Despite better weather, new housing starts in the U.S. rose less than expected in the month of March, again, while building permits fell, suggesting fundamental issues in the housing market.
The Commerce Department said on Wednesday new housing starts increased by 2.8 percent to a seasonally adjusted annual rate of 946,000. However, in a bit of better news, February’s housing starts were revised upward to a 1.9 percent rise. They were previously reported at a 0.2 percent fall.
Still, this month missed expectation again, and economists can no longer blame or scapegoat old father winter. Economists polled by Reuters forecasted new housing starts would rise to a 973,000-unit rate last month.
The new housing market has been, in some degree, weighed down by shortages of building lots and skilled labor, even as material prices continue to rise for builders.
A report released on Tuesday found more builders view market conditions as poor than favorable. The NAHB/Wells Fargo Housing Market index increased to 47 this month, down from a revised 46 in March, the National Association of Home Builders said on Tuesday in a statement.
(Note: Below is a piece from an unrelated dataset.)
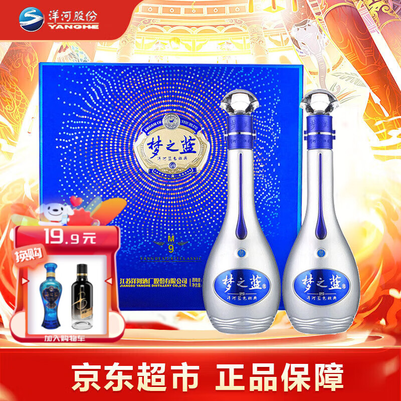 洋河 梦之蓝蓝色经典 口感绵柔浓香型高度白酒 送礼佳品礼盒 52度500ml*2 M9礼盒装价格:3768.00元!

But higher mortgage rates and increased housing prices are keeping would-be buyers on the sidelines. “Headwinds that are holding up a more robust recovery include ongoing tight credit conditions for home buyers and the fact that builders in many markets are facing a limited availability of lots and labor,” said the NAHB’s Chief Economist, David Crowe, in an email.
Groundbreaking for single-family homes, which represents the largest segment of the market, did increase 6.0 percent to a 635,000-unit pace last month. The more volatile measurement os multi-family homes fell 3.1 percent to a 311,000-unit rate, which was the lowest level since last October.
Permits to build homes fell 2.4 percent in March to a 990,000-unit pace. Permits for single-family homes rose 0.5 percent but fell 6.4 percent for the multi-family sector.